If the STL cond_timedwait() is called with an uninitialized mutex, then EINVAL is returned from pthread_cond_timedwait() which is passed back from cond_timedwait() with no message logged because there is no mapping oferrors (even though the reason for the EINVAL is different to what Solaris documents).
If the STL cond_timedwait() receives ETIMEDOUT from pthread_cond_timedwait(), then it maps this to ETIME and logs a message indicating the mapping (even though the error codes have the same meaning).

2.2.2 Documented and observed behaviour of synchronization objects

Solaris documents that synchronization objects that are statically initialized to all zeros do not need to be explicitly initialized. It does not define the result when attempting to use uninitialized objects as function parameters: the observed behaviour is that Solaris implicitly initialises the object. This is consistent with the Solaris routines not having the error return EINVAL defined for uninitialized objects.

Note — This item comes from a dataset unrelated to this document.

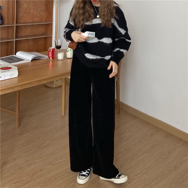 コーデュロイパンツ スプリングハイウェストウェストスリムルーズカジュアルワイドレッグ 春物 ワイドパンツ kumikum71302963942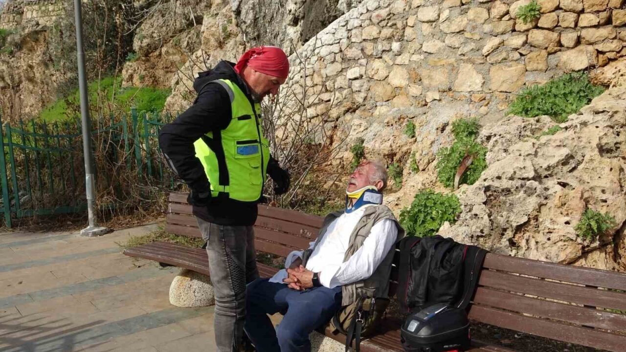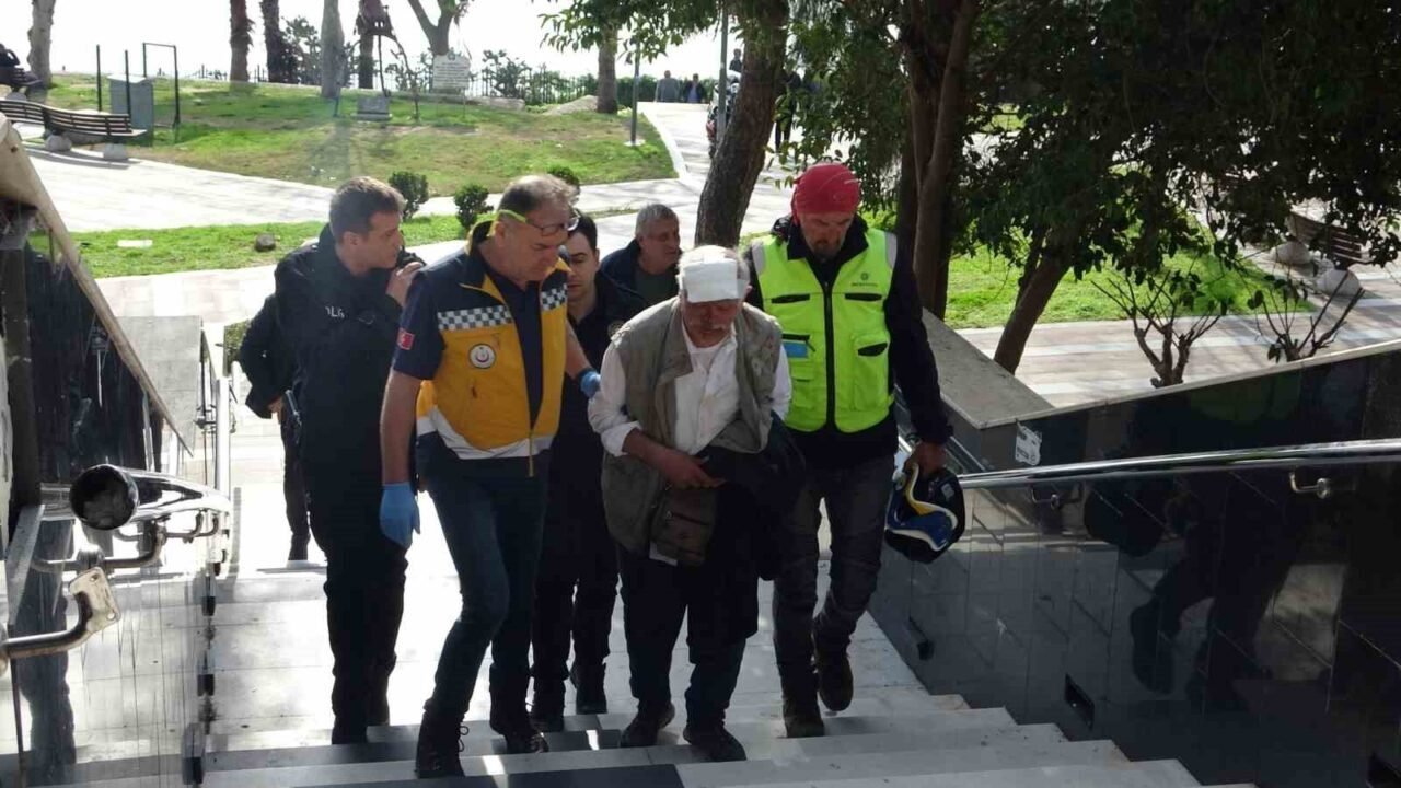 Olay, saat 12.00 sıralarında Antalya’nın Muratpaşa ilçesi Konyaaltı Caddesi üzerinde bulunan Yavuz Özcan Parkı’nda meydana geldi. 112 Acil Çağrı Merkezi’ne bir kişinin kayalıklardan düştüğü ve mahsur kaldığı ihbarı üzerine verilen adrese itfaiye, polis ve sağlık ekipleri sevk edildi. Kısa sürede olay yerine gelen polis ekipleri parkın girişe yasak olan kayalık bölümünde bir kişinin yattığını gördü. Yaklaşık 3 metrelik patika alandan yuvarlandığı anlaşılan ve vatandaşların yardımıyla bulunduğu yerden çıkartılıp, isminin Muharrem E. (67) olduğu öğrenilen yaşlı adama ilk müdahale, motorize 112 ekibi tarafından yapıldı.

POSIX threads documents and returns EINVAL when uninitialized objects are used as parameters.

There is no portable way to validate that a POSIX threads synchronization object has been initialized, so STL does not support the Solaris observed behaviour of implicitly initializing uninitialized synchronization objects. Attempts to use an uninitialized object with STL functions results in an error value being returned, and typically an error-mapping message is logged. But there is an exception for statically-initialized-to-zero objects: STL tests for these, and will explicitly initialize them, to conform to the documented Solaris behaviour. These checks will impact performance, but compatibility is the main objective.

3 Daemon Threads

3.1 Introduction

Solaris threads provides the concept of daemon threads. Solaris threads defines that a process terminates when its last non-daemon thread terminates [F7].

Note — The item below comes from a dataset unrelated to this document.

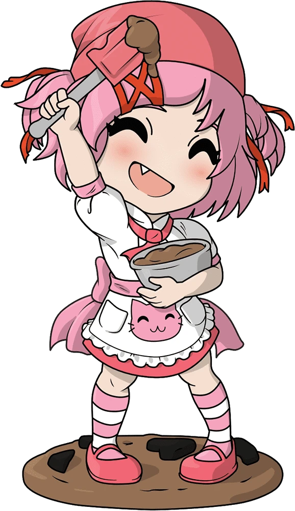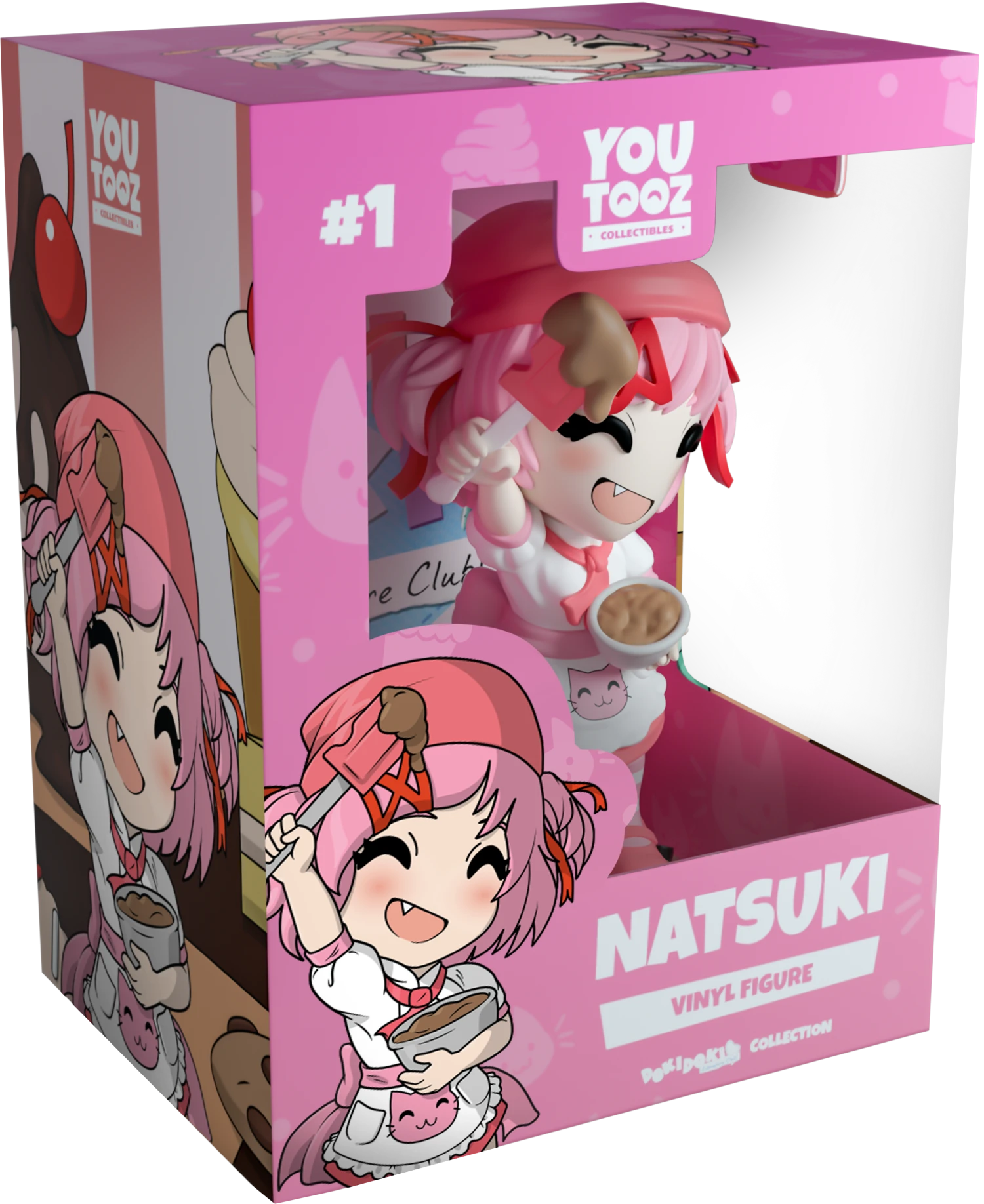 Well, even if you don’t know how to bake, there’s always some dirty work I could give to you. Natsuki arrives at Youtooz to display her baking prowess! Designed in collaboration with Minzzway and standing triumphantly at 4.4 inches tall atop a perfectly baked cookie, she raises her spatula up high letting the thick brown batter drip off it while holding a full mixing bowl in the other hand. A big open smile gleams across her blushing face revealing a single pointed tooth, while her pastel pink hair is tied with red ribbons and topped with a dark pink bandana. Her pink and white puffy dress is cinched at the waist with a long pink ribbon thats tied in a large bow at the back while she wears long pink and white striped socks. The exterior of her packaging shows a plethora of the sweetest baked treats you can imagine. While the interior is a vibrant pink background speckled with cute cat faces and cupcakes. The protective sleeve continues the sweet tooth motif, with the most decadent desserts flowing across the exterior. This collectable ships in a matte, embossed, protective outer sleeve and a custom sized plastic protector for maximum protection during shipping. This figure was made in collaboration with community member@Minzzway

POSIX threads does not support daemon threads. A POSIX threads process terminates when its last thread exits.

Daemon threads could be used by applications for housekeeping tasks. For example, a daemon thread may be created that periodically monitors disk space whilst the application is running.

3.2 Implementation

Conceptually, to implement support for daemon threads is quite simple: a count of the number of non-daemon threads must be maintained. This count may need adjusting when a thread is created, or when a thread terminates. If the non-daemon thread count becomes zero, then the process must be terminated.

The daemon-thread implementation sounds simple in outline, but now we look at the implementation in more detail. It requires:

Keeping a global count of the number of non-daemon threads.

Updates to the count need to be coordinated by using a mutex.

Knowing when a thread is created, and whether it is a daemon or not.

A daemon thread is created when the THR_DAEMON bit is set in the flags parameter to thr_create().

Knowing when a thread terminates, and whether it is a daemon or not.

Adjust non-daemon thread count if appropriate; if count is now zero, terminate the process.

The tricky bit here is the last bit: to know when a thread terminates, and to determine if it is a daemon-thread or not. The non-daemon thread count has to be decremented if the terminating thread is not a daemon. Thread-specific data, along with a destructor-routine, is used to implement this. This works as follows.

When STL initializes, it creates a thread-specific data key STL.tsd_key, and associates a destructor routine, stl_tsd_key_destructor(), with that key. When a thread that has data associated with STL.tsd_key terminates, it runs the stl_tsd_key_destructor() routine [F8].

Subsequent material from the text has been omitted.